▶ **What the task requires**:
Would you retype exactly the lines below, starting with the one that has "Entre ellas se" and going on through the one that has "If you prefer", with no pictures and nothing else?

▶ **Input data**:
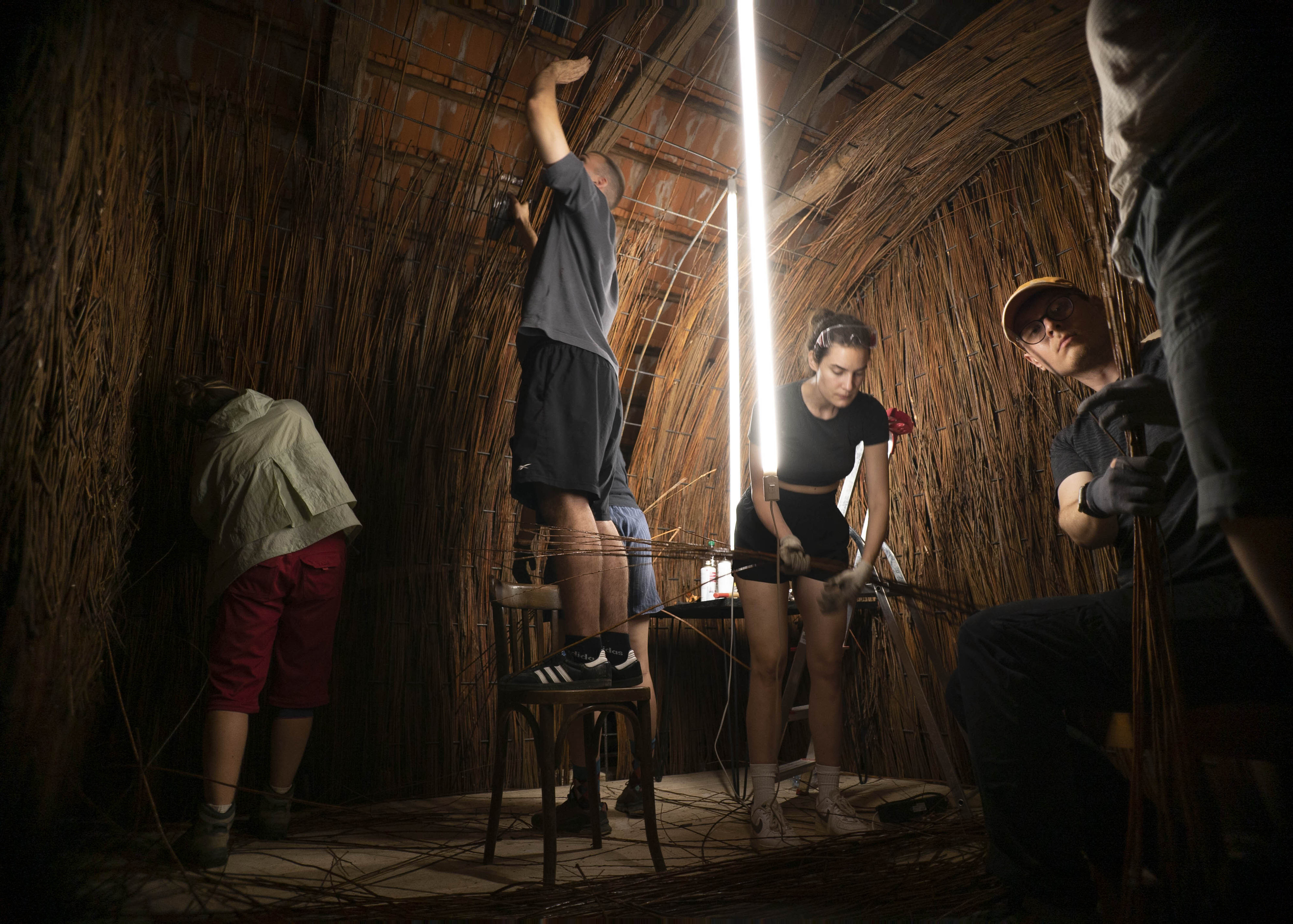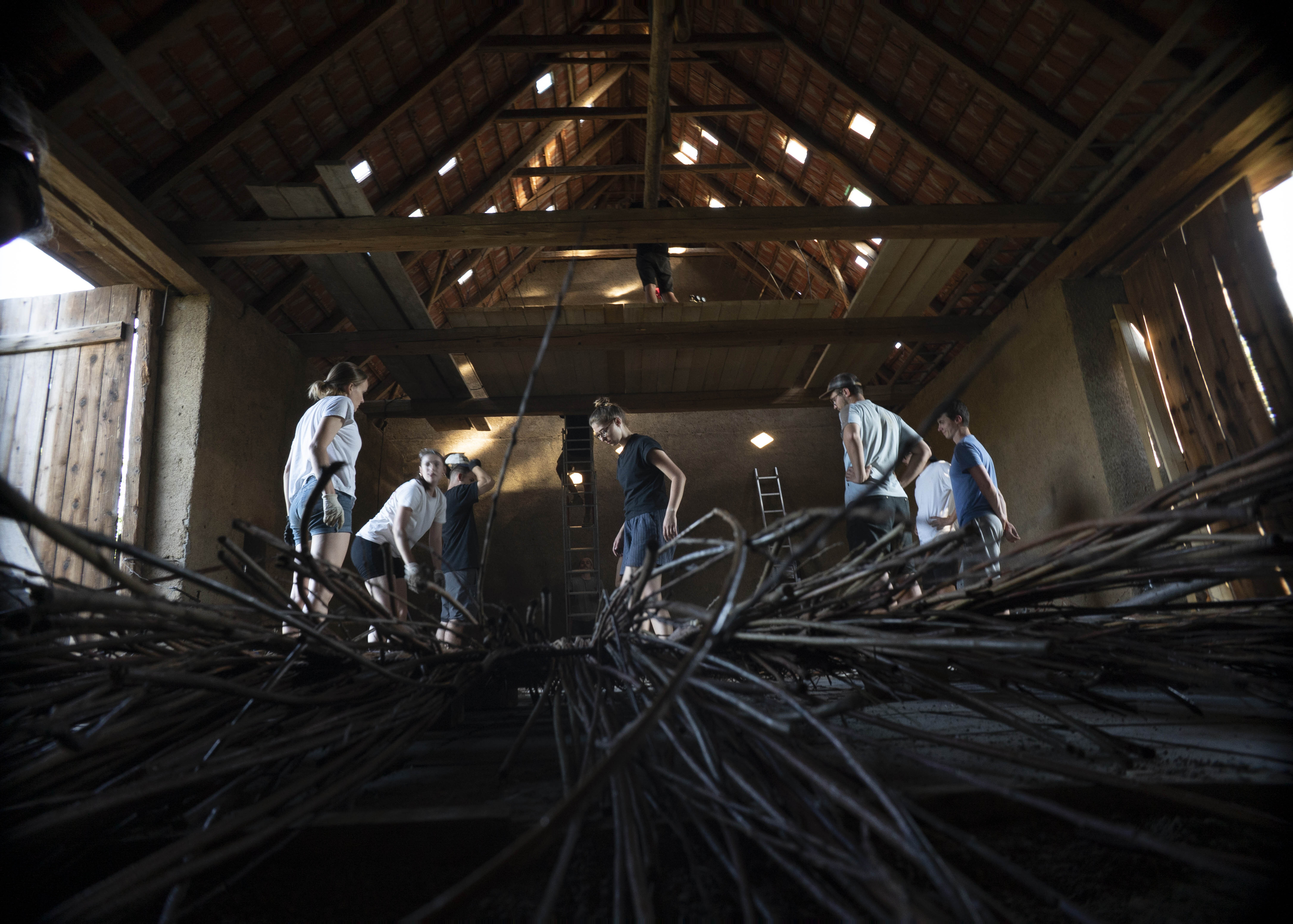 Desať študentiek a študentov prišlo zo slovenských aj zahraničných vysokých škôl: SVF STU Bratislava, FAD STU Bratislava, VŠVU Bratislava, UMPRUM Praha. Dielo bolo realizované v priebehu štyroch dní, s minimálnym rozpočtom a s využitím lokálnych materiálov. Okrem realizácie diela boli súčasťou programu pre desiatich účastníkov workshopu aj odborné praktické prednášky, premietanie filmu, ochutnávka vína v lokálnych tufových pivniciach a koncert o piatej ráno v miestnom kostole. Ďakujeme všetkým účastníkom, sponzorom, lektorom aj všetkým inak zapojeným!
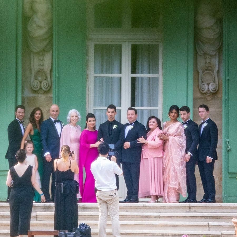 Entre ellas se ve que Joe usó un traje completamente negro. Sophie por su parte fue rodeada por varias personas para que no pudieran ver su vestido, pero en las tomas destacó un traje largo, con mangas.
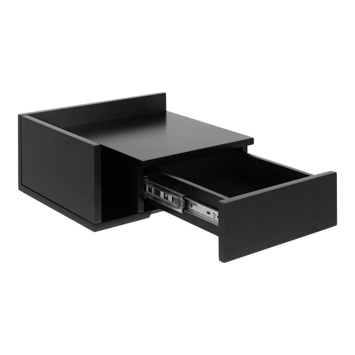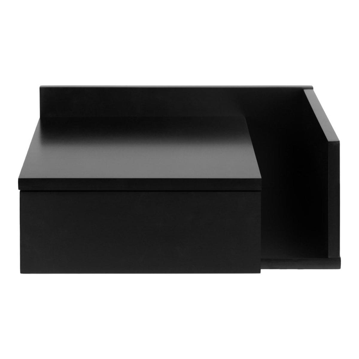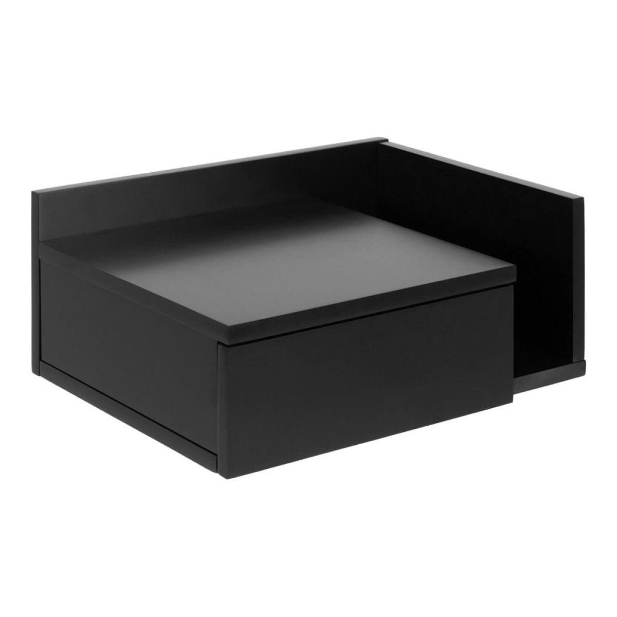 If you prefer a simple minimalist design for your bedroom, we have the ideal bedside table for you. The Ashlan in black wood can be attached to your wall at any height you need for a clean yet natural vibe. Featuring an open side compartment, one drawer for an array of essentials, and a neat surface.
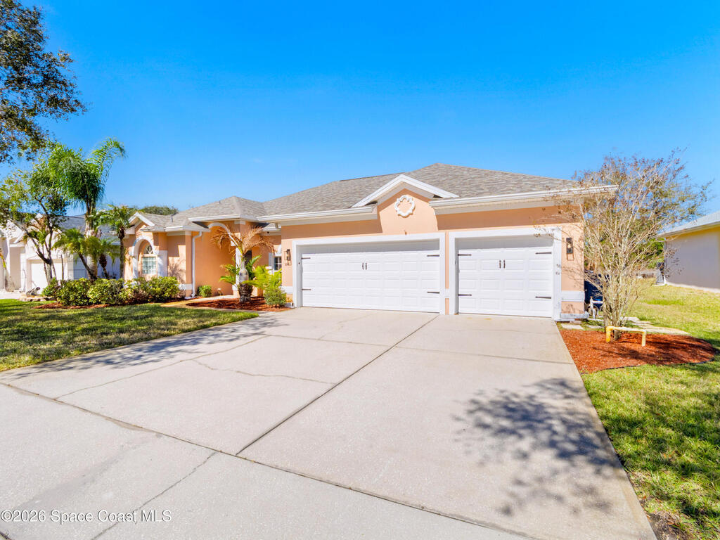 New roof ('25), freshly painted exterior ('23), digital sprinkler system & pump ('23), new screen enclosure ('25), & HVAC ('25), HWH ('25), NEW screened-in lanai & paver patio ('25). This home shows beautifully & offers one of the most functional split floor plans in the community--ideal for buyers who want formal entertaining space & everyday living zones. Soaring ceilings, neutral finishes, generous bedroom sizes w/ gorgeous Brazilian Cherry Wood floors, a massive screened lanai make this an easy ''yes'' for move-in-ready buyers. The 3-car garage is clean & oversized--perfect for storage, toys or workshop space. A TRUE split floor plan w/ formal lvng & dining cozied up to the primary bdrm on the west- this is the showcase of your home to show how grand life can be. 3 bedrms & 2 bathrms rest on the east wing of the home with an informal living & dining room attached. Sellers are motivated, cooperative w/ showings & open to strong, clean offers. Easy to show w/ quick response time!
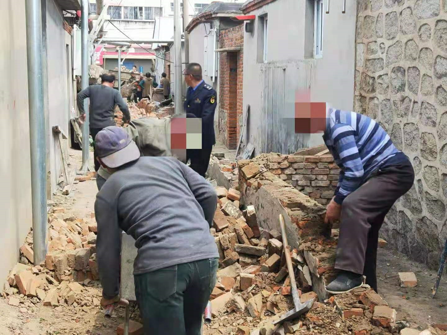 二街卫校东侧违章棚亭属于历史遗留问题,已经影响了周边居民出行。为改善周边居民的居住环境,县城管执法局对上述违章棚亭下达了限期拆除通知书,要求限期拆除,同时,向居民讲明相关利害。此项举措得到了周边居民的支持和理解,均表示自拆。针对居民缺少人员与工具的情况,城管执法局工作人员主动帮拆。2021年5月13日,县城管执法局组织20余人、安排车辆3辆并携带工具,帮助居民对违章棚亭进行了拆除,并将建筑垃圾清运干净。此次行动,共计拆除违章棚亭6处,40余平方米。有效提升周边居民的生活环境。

▶ **Answer below**:
 Entre ellas se ve que Joe usó un traje completamente negro. Sophie por su parte fue rodeada por varias personas para que no pudieran ver su vestido, pero en las tomas destacó un traje largo, con mangas.
 If you prefer a simple minimalist design for your bedroom, we have the ideal bedside table for you. The Ashlan in black wood can be attached to your wall at any height you need for a clean yet natural vibe. Featuring an open side compartment, one drawer for an array of essentials, and a neat surface.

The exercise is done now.